La Quinta’s distress stems from the fact that, according to county health authorities, it has been the site of the largest outbreak of drug-resistant tuberculosis of any high school in the nation. Nearly 200 have tested positive for the bacteria over the past year, and all students and teachers are currently being retested.

Over the past year, the students and faculty have become well-educated about the disease, which once was nearly eliminated in the United States but is again resurfacing in Orange County and throughout the country.

They have learned TB is spread through the air by coughing and talking. But they are calmed to know, they say, that everyone at the school who was diagnosed with active disease is no longer contagious after taking medication that kills the bacteria in their sputum. And they have been assured by public health workers that the many others who skin-tested positive--but who have no active infection in their lungs--also are not contagious.
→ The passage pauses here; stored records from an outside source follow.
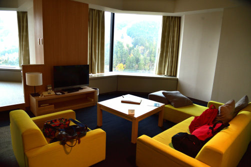 自窗邊往外看,中間高山就是TOMAMU山,左邊長廊是通往各個餐廳的室內連接通道。
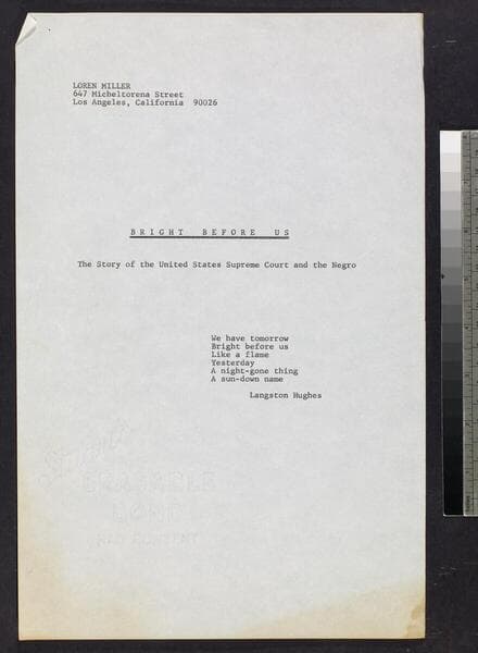 [Loose: "Bright Before Us" by Loren Miller] (1966). 1 item
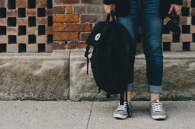 | ▲ 한 청년이 가방을 들고 서 있다. |
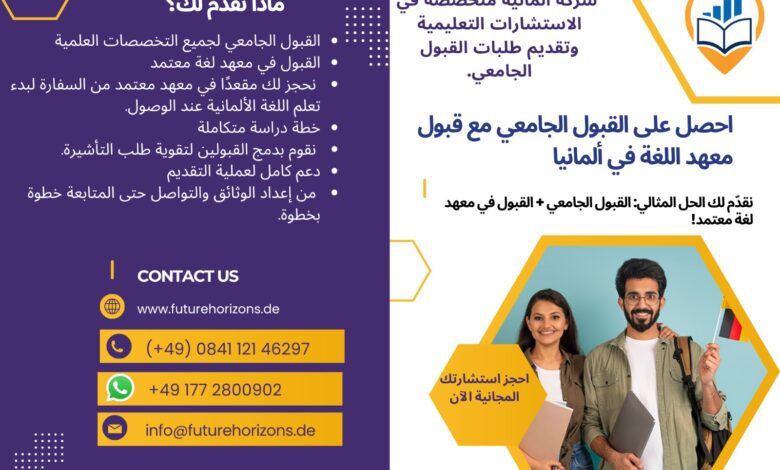في ظل الإقبال المتزايد من الطلاب العرب على الدراسة في ألمانيا، تبرز الحاجة إلى خدمات استشارية تعليمية موثوقة تضمن للطالب بداية أكاديمية قوية ومضمونة. وهنا تأتي شركة Future Horizons – الشركة الألمانية المتخصصة في الاستشارات التعليمية وتقديم طلبات القبول الجامعي.
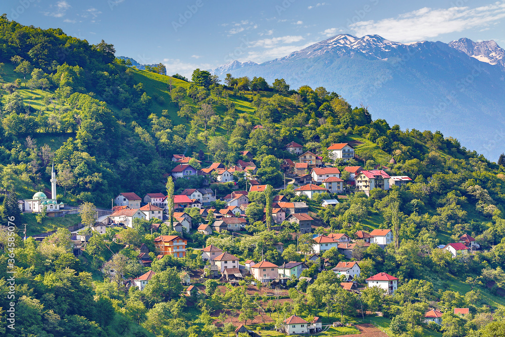 Village houses in the mountains between Konic and Sarajevo, Bosnia and Herzegovina
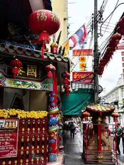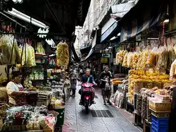曼谷唐人街充满了浓郁的东方风情!抵达目的地后,您将漫步于熙熙攘攘的街道和小巷,这里遍布着售卖草药🌿、腌制食品、干货和新鲜蔬果以及传统小吃的店铺。泰籍华人似乎非常重视传统信仰,这一点从售卖金元宝的大型店铺便可见一斑!
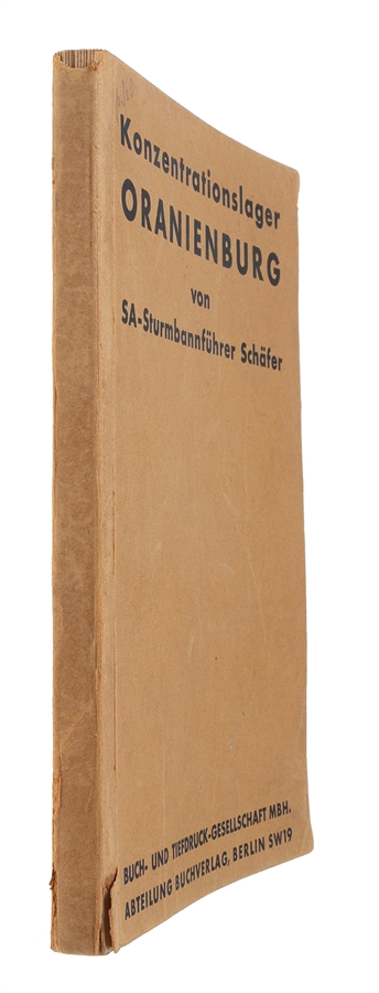 First edition, first printing of this scarce account of the first German concentration camp, a whitewashing apologetic “Anti-Brown-Book”, in which the camp commander attempts to disprove allegations against the camp as “atrocious propaganda”. “The Oranienburg concentration camp was established as one of the first concentration camps on March 21, 1933, overshadowed by the Day of Potsdam. After the “Night of the Long Knives,” the SA-run camp was taken over by the SS in July 1934 and dissolved a little later… Initially SA-Regiment 208 (Standarte 208) established the Oranienburg concentration camp without notifying the responsible authorities in Berlin beforehand. The first inmates were 40 prisoners who were dragged to the small town 20 kilometers (12.4 miles) north of Berlin on the evening of March 21, 1933. The first concentration camp in Prussia was thus situated on the grounds of a former brewery on a main road in Oranienburg. From September 1933, subcamps existed at the Elisenau manor in Blumberg near Bernau and in Börnicke. (https://encyclopedia.ushmm.org/content/en/article/oranienburg-1) “Seger managed to escape in December 1933, fleeing first to Czechoslovakia and later to the United States of America. His book on the terror in Oranienburg was one of the first books written about the conditions in a concentration camp from firsthand experience.” (Holocaust Encyclopaedia) “Only a few days after the establishment of the camp, SA Standartenführer Werner Schulze-Wechsungen transferred control of the camp to the Potsdam district president. Henceforth the camp as well as the guards were paid from tax money. In total, the German tax payer paid 280,000 Reichsmark (RM) between August 1933 and July 1934 to sustain the camp. Internment in the camp was initiated not only by the police and party authorities but also by local administrative authorities. Only because of its location in the town, the camp proved to be a “transparent concentration camp.” The town of Oranienburg had the political prisoners perform communal work. The camp commander, SA-Sturmbannführer Werner Schäfer, compiled an apologetic “Anti-Brown Book” (Anti-Braunbuch), in which he characterized allegations about the Oranienburg concentration camp as “atrocious propaganda.” Repeatedly he invited German and foreign journalists to tour the camp. A radio program “reported” from the concentration camp. The local press wrote extensively about the new institution. Also, movie theaters showed propagandistic About 3,000 prisoners were deprived of their liberty in the Oranienburg concentration camp. The number of prisoners varied considerably. It rose rapidly until August 1933, from 97 to 911, but declined by the end of June 1934 to 271. The prisoners were mostly between the ages of 20 and 40, laborers, unemployed, from Berlin and from the area north of Berlin. Many were taken to Oranienburg after the dissolution of smaller Brandenburg concentration camps (including Alt Daber, Börnicke, Havelberg, and Perleberg) in June and July 1933. Prisoners from the concentration camps in Börgermoor, Lichtenburg, and Sonnenburg were interned at Oranienburg in September and October. Most of the inmates were members of the German Communist Party (KPD), the Social Democratic Party (SPD), and smaller left-wing organizations such as the Socialist Workers’ Party (SAP) and the German Communist Party Opposition (KPO). It is noteworthy that about 50 Jewish youths were also carried off to the camp from a home dedicated to advanced pedagogical ideas that was operated by the German Jewish Community Association (Deutsch-israelitischer Gemeindebund) in Wolzig. They had been abducted because of “Communist activities”.” (Holocaust Encyclopaedia)
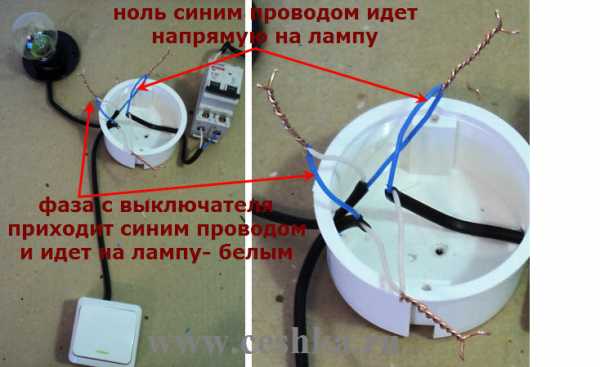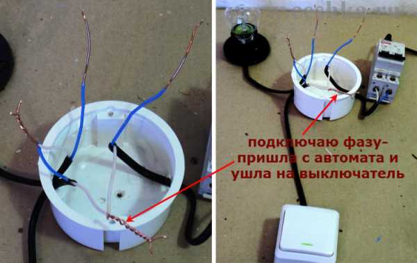 - Фазный провод питающего кабеля соедините с любым из двух проводов, идущих от выключателя.
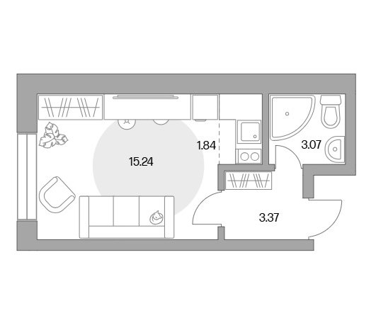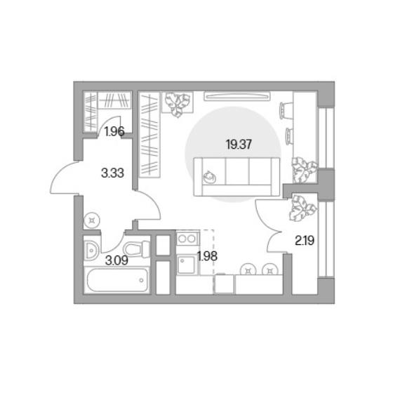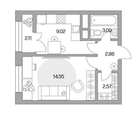 1Комната34.2 M²Общая площадь9.02 M²площадь кухникухня3этаж
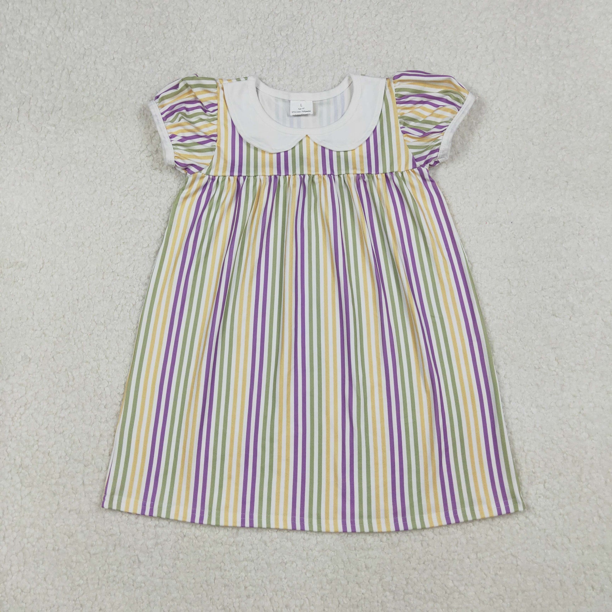 Baby Girl Short Sleeves Colorful Stripes Mardi Gras Knee Length Dress RTS
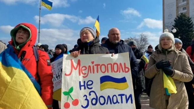 Проукраїнські протестні акції "Мелітополь - це Україна", 2022 рік. Люди демонтрують плакат "Мелітополь не здолати" з зображення черешні та українського прапору. Фото з відкритих джерел
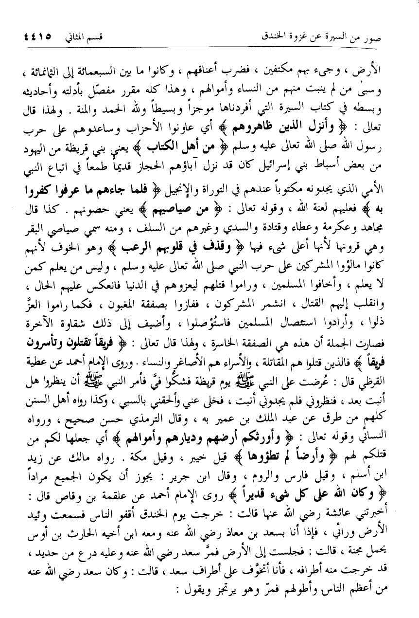 الأرض، وجيء بهم مكتفين، فضرب أعناقهم، وكانوا ما بين السبعمائة إلى الثمانمائة، وسبى من لم ينبت منهم من النساء وأموالهم، وهذا كله مقرر مفصّل بأدلته وأحاديثه وبسطه في كتاب السيرة التي أفردناها موجزا وبسيطا ولله الحمد والمنة. ولهذا قال تعالى: وَأَنْزَلَ الَّذِينَ ظاهَرُوهُمْ أي عاونوا الأحزاب وساعدوهم على حرب رسول الله صلّى الله تعالى عليه وسلم مِنْ أَهْلِ الْكِتابِ يعني بني قريظة من اليهود من بعض أسباط بني إسرائيل كان قد نزل آباؤهم الحجاز قديما طمعا في اتباع النبي الأمي الذي يجدونه مكتوبا عندهم في التوراة والإنجيل فَلَمَّا جاءَهُمْ ما عَرَفُوا كَفَرُوا بِهِ فعليهم لعنة الله، وقوله تعالى: مِنْ صَياصِيهِمْ يعني حصونهم. كذا قال مجاهد وعكرمة وعطاء وقتادة والسدي وغيرهم من السلف، ومنه سمي صياصي البقر وهي قرونها لأنها أعلى شئ فيها وَقَذَفَ فِي قُلُوبِهِمُ الرُّعْبَ وهو الخوف لأنهم كانوا مالئوا المشركين على حرب النبي صلّى الله تعالى عليه وسلم، وليس من يعلم كمن لا يعلم، وأخافوا المسلمين، وراموا قتلهم ليعزوهم في الدنيا فانعكس عليهم الحال، وانقلب إليهم القتال، انشمر المشركون، ففازوا بصفقة المغبون، فكما راموا العزّ ذلوا، وأرادوا استئصال المسلمين فاستؤصلوا، وأضيف إلى ذلك شقاوة الآخرة فصارت الجملة أن هذه هي الصفقة الخاسرة، ولهذا قال تعالى: فَرِيقاً تَقْتُلُونَ وَتَأْسِرُونَ فَرِيقاً فالذين قتلوا هم المقاتلة، والأسراء هم الأصاغر والنساء. وروى الإمام أحمد عن عطية القرظي قال: عرضت على النبي صلّى الله عليه وسلم يوم قريظة فشكّوا فيّ فأمر النبي صلّى الله عليه وسلم أن ينظروا هل أنبت بعد، فنظروني فلم يجدوني أنبت، فخلى عني وألحقني بالسبي، وكذا رواه أهل السنن كلهم من طرق عن عبد الملك بن عمير به، وقال الترمذي حسن صحيح، ورواه النسائي وقوله تعالى: وَأَوْرَثَكُمْ أَرْضَهُمْ وَدِيارَهُمْ وَأَمْوالَهُمْ أي جعلها لكم من قتلكم لهم وَأَرْضاً لَمْ تَطَؤُها قيل خيبر، وقيل مكة. رواه مالك عن زيد ابن أسلم، وقيل فارس والروم، وقال ابن جرير: يجوز أن يكون الجميع مرادا وَكانَ اللَّهُ عَلى كُلِّ شَيْءٍ قَدِيراً روى الإمام أحمد عن علقمة بن وقاص قال:

Their only regret, they say, is that the public is not as well educated.

Students and faculty relate a litany of instances when they have been treated like modern-day lepers:

The teacher out at the movies who noticed two women in the ticket line step back fearfully when they saw his La Quinta Aztec blue and gold baseball cap. The visiting swim team that fretted about catching tuberculosis in the pool. The customer who walked out of a restaurant as soon as their waitress said she attends La Quinta. The countless times outsiders have callously referred to La Quinta as “the tuberculosis school.”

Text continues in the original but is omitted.